The word "Foundation" occurs in some lines of the listing. Copy those lines.

[Start of section]

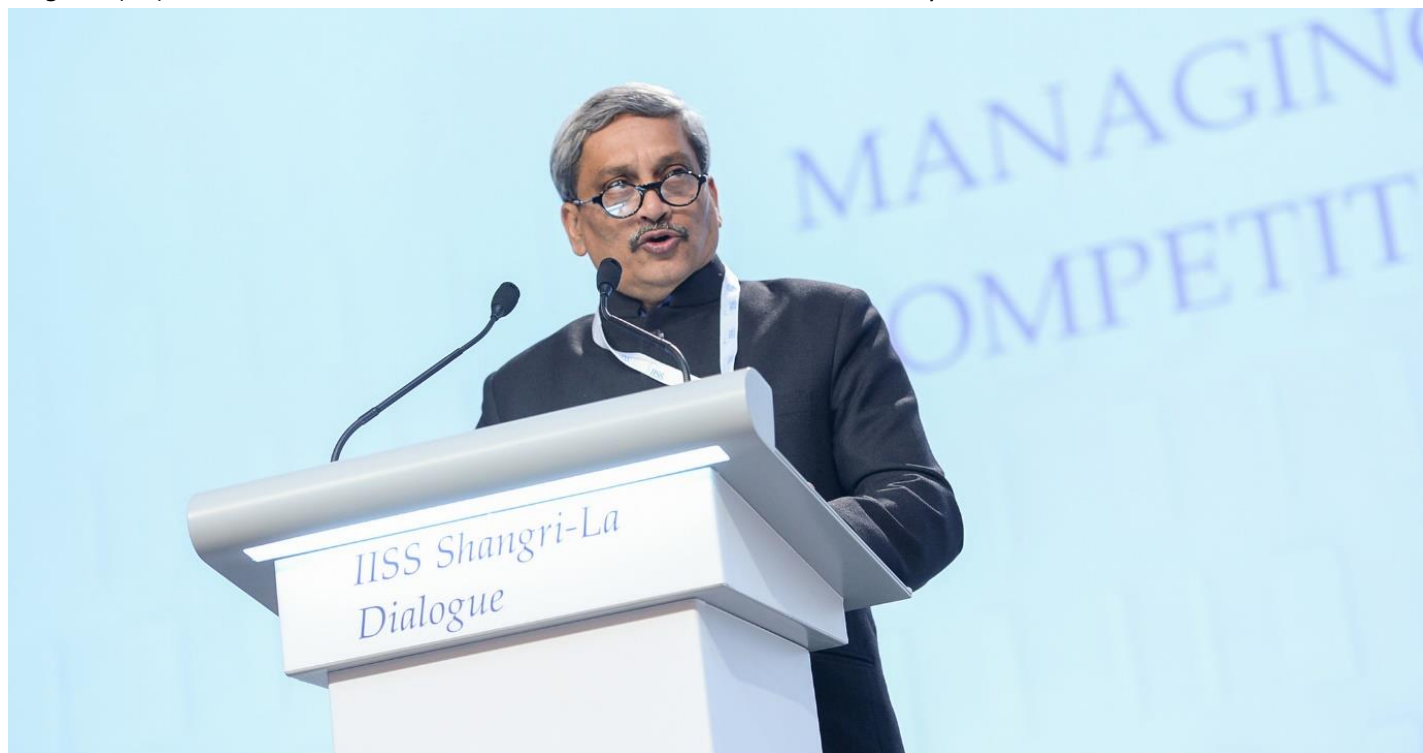
DEFENCE MINISTER MANOHAR PARRIKAR AT THE SHANGRILA DIALOGUE, 04 JUNE, 2016

Since its inception in 2002, the Shangri-La Dialogue, organized by the London-based think-tank International Institute for Strategic Studies (IISS) in Singapore, has emerged as a premier, high-level, defence and security forum in the Asia-Pacific region. The dialogue attracts regular participation from defence ministers and policy makers from important nations like Japan, China, India, Australia, United States (US) and the United Kingdom (UK), and is thus often referred to as the ‘Davos of International Security’.
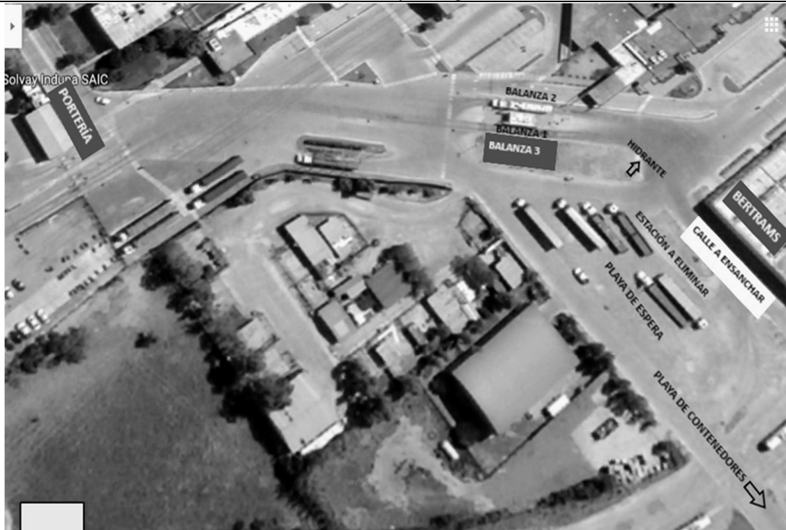
Fig. 6. Alternative 4: the new Balance 3 next to

Placing balance 3 in this place would not produce variations in the current vehicle circulation plan. The infrastructure modifications that are required for this location are very slight compared to other alternatives, mainly, eliminate some sidewalks, trees and relocate a luminaire and the hydrant (for case of fire). The width of the circulation street where salt trucks enter and exit should also be increased. This widening will allow a double-lane street where salt trucks enter through one lane and trucks leave through the other. Also, trucks that transport different finished products may wait in that new exit lane, then move on to balance 2 or 3 and leave the plant.
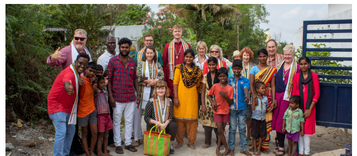
Visitors trip with CARE staff and local children, 2020

During the visit, you will meet all three of our partner organisations and witness first-hand the impact your donations are making. The visit also includes attractions in a variety of Southern Indian cities.
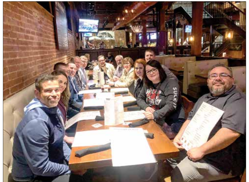
The Leadership Class enjoys dinner at Bricktown Brewery for some downtime during the Oklahoma City Trip.
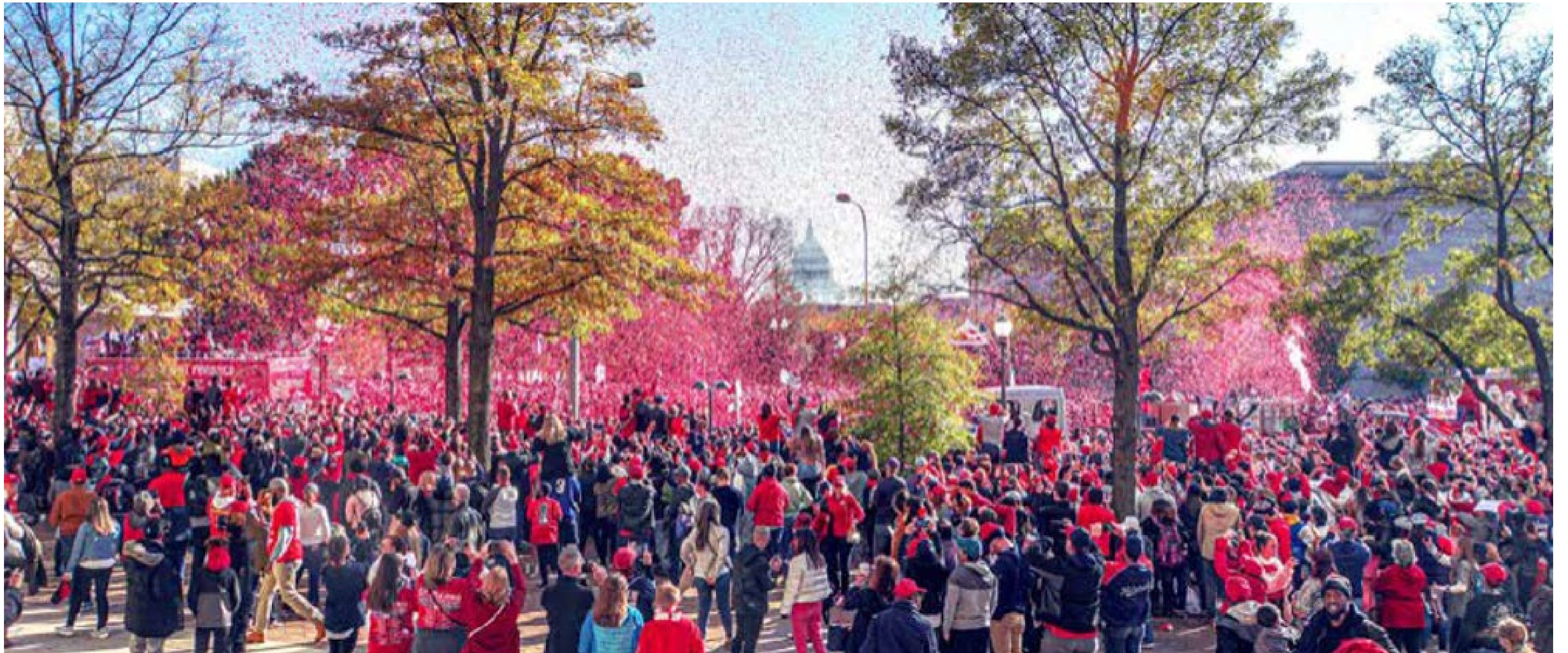
Washington Nationals World Series Victory Parade
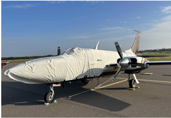
Piper PA-601 Aerostar Fuselage Cover (back to Horiz Stab)

The Piper PA-601 Aerostar Nose Cover is designed to cover the section of the fuselage forward of the windshield to the tip of the nose. It is secured with belly straps. This cover type is made from Silver Acrylic Sunbrella canvas and is 100% lined with a soft and smooth microfiber. Bruce's Custom Covers developed this material combination especially for aircraft protection. The outer material is medium weight and treated for water resistance, UV resistance and anti-static buildup. The inner lining is a very soft and smooth microfiber to prevent scratching. The material is very reflective, and tests show that the cabin interior temperature can be reduced to near-ambient temperature on the hottest of days. It is water, ice and snow repellent, yet breathable to allow moisture to escape from between the cover and the aircraft surface.
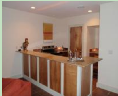
Lower level bar/kitchenette
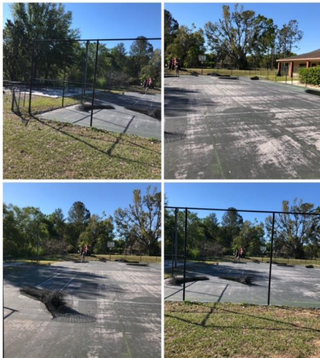
So excited that they are starting on our Play court cover! Watch for future work!
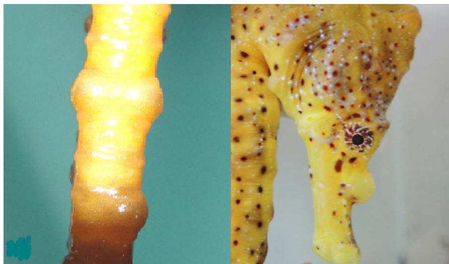
Fig. 2. External gas bubble disease observed in adult seahorse

External gas bubble disease (EGBD) may cause either due to gas super-saturation in the tank water or by bacterial infections where carbon dioxide produced by the bacteria becomes trapped underneath the skin. These subcutaneous (under the skin) air bubbles that may occur anywhere on the head, body, or prehensile tail of seahorse. The situation, wherein gas levels in the water are much higher than normally possible (caused by limited areas for gas escape), causes gas bubbles to form anywhere possible. Because the pressure inside of a seahorse is lower than the pressure of gas super-saturated water, the gas bubbles emerge directly under the skin of the affected seahorse. Since the air bubbles cannot pass through the skin, they remain stranded there until treated or until they can be reabsorbed by the seahorse's own body. The bubbles can cause stress on a seahorse as problems with buoyancy and movement arise.
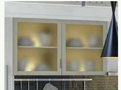
Aluminium Frame Glazed Doors with Obscure Glass
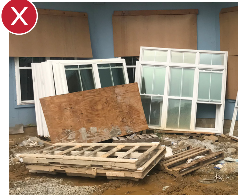
Do NOT stack other construction materials against products.
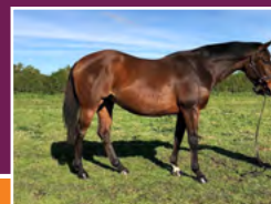
WINNING IMPORT IN FOAL TO RELIABLE MAN.
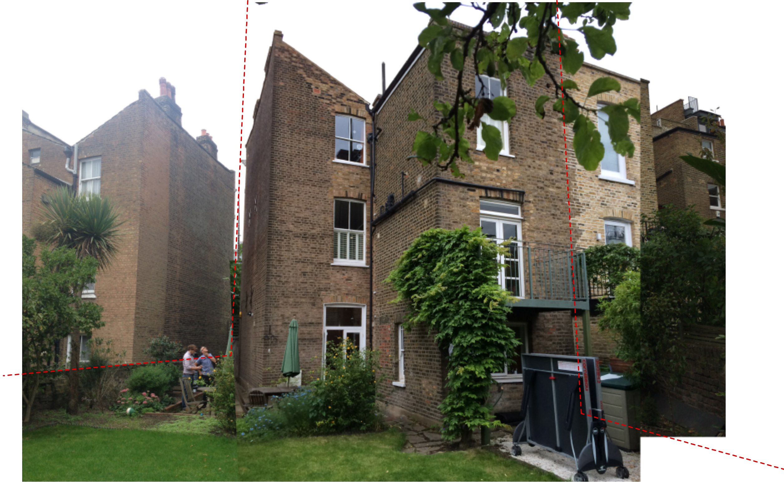
IMAGE 02 - Rear Elevation of 65 South Hill Park from private garden

67 SOUTH HILL PARK 65 SOUTH HILL PARK 63 SOUTH HILL PARK
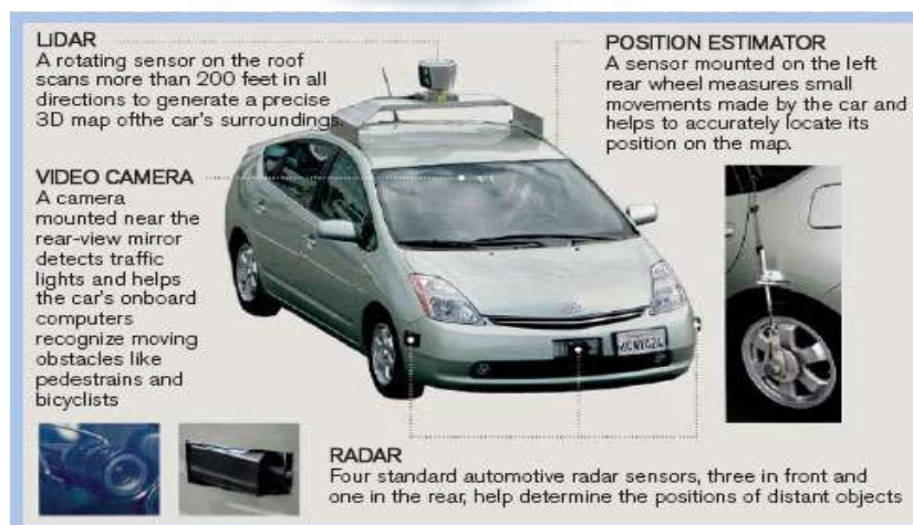
Fig 4 showing various components of driverless car

Another challenge to mass proliferation is limitations with sensors. A driving demonstration of an experimental autonomous Mitsubishi Outlander failed to warn the occupant sitting in the driver’s seat of unaware pedestrians or motorcycles in the car’s blind spot. Another time its “Caution, Oncoming Vehicle” buzzer sounded an alert to pedestrians, but it was tough to pinpoint which vehicle among several the warning was coming from. Nissans such as its experimental autonomous Leaf – shown in a positive report from another event below – could get around some issues by being equipped with multiple radar sensors, lasers and cameras to monitor surroundings and plot the car’s course.
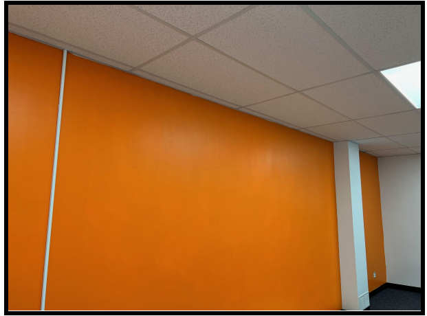
R5 is one of the rooms brightened up with color!
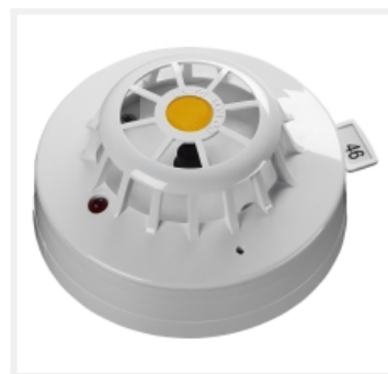
Apollo XP95 55000-400 Standard Temperature...
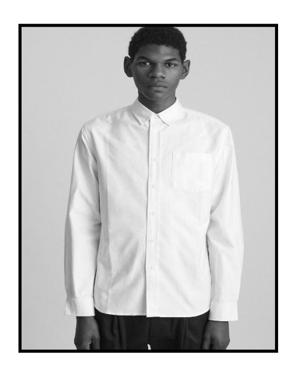
Figure 4: Plain (unadorned), White, long sleeve, button-front shirt.
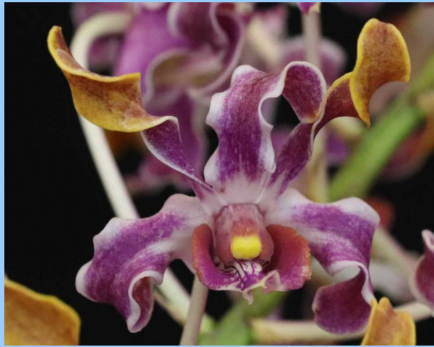
Den. Jairak Spin 'Amore' AM/AOS 82 pts Best Flower in Show
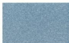
Diamond Blue Metallic
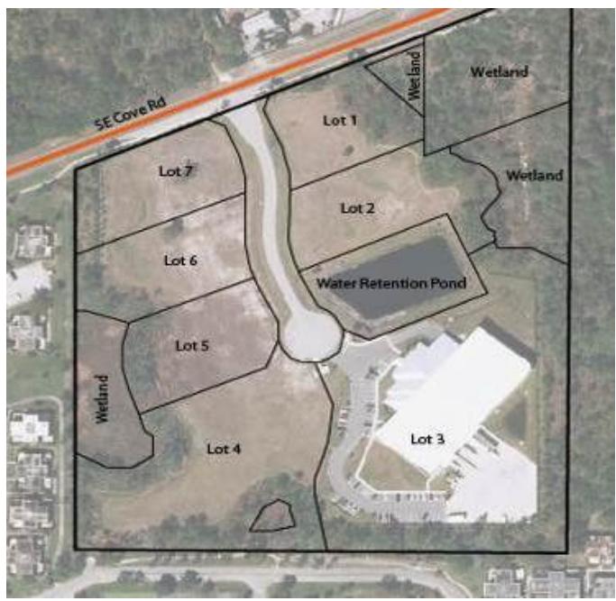
Figure 3. Port Salerno Industrial Park

Solvent use and waste disposal practices contaminated soil, sediment and ground water. In the early 1980s, the Florida Department of Environmental Protection (FDEP) identified soil contamination at the site. From 1991 until 1998, Martin County Health Department sampling found contamination in 12 private wells near the site. EPA investigations confirmed contamination. Volatile organic compounds (VOCs) were the primary contaminants of concern. In 1998, EPA placed the site on the Superfund National Priorities List.<sup>2</sup>
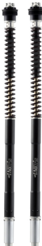
F25R fork kit
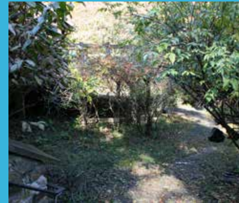
2011 Before Sasqua cleared and removed invasive plants

The Living Classroom will allow thousands of Fairfield and inner-city students to emerge from the Museum and enter a natural habitat where they can see, touch, and understand how native plants play a critical role in healthy ecosystems.
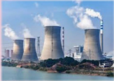
power plant ▲
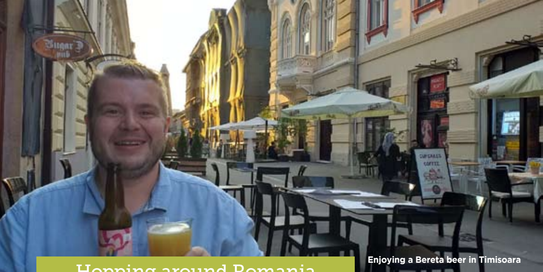
Enjoying a Bereta beer in Timisoara
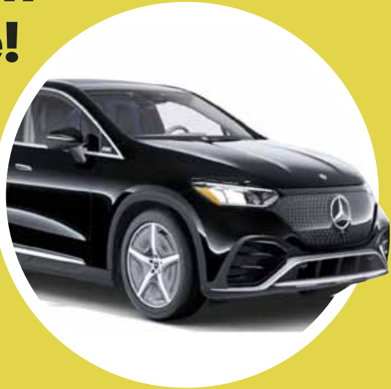
2024 AMG GLE53 4matic+ SUV (or choose equivalent cash)
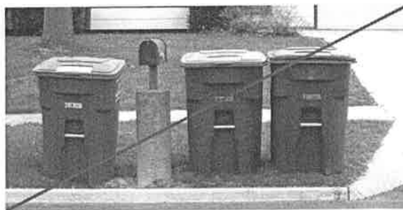
Carts are too close together and too close to the mailbox.

The Guide also contains information on recycling, yard waste collection, leaf collection, large item and metal collection and holiday collection schedules.
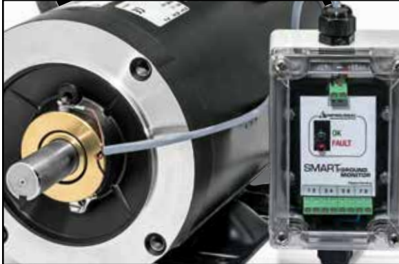
The Smart CDR™ connected to the Smart Ground Monitor™ provides users with instant feedback on shaft grounding performance.
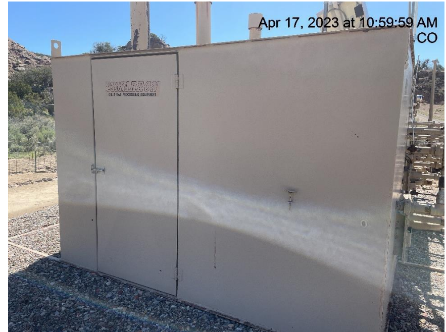
Photo # 5402 From Inspection 708900295 conducted on 04/17/2023 Meter calibration info not conspicuously posted
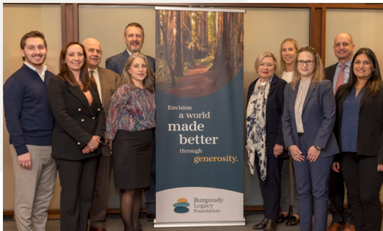
Burgundy Legacy Foundation directors alongside members of the MPNL Advisory Committee

Established in 2024, the award supports education and the development of future philanthropic leaders. It reflects the Foundation's interest in helping strengthen the charitable sector by supporting students preparing for leadership roles in philanthropy and non-profit organizations.
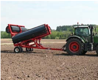
FORWARD FOLD DESIGN
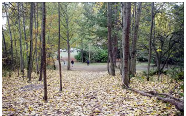
North Seattle Park
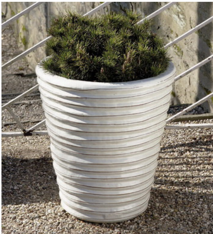
Shown in Antique White

[End of section]

— Task answer —
Burgundy Legacy Foundation directors alongside members of the MPNL Advisory Committee
Established in 2024, the award supports education and the development of future philanthropic leaders. It reflects the Foundation's interest in helping strengthen the charitable sector by supporting students preparing for leadership roles in philanthropy and non-profit organizations.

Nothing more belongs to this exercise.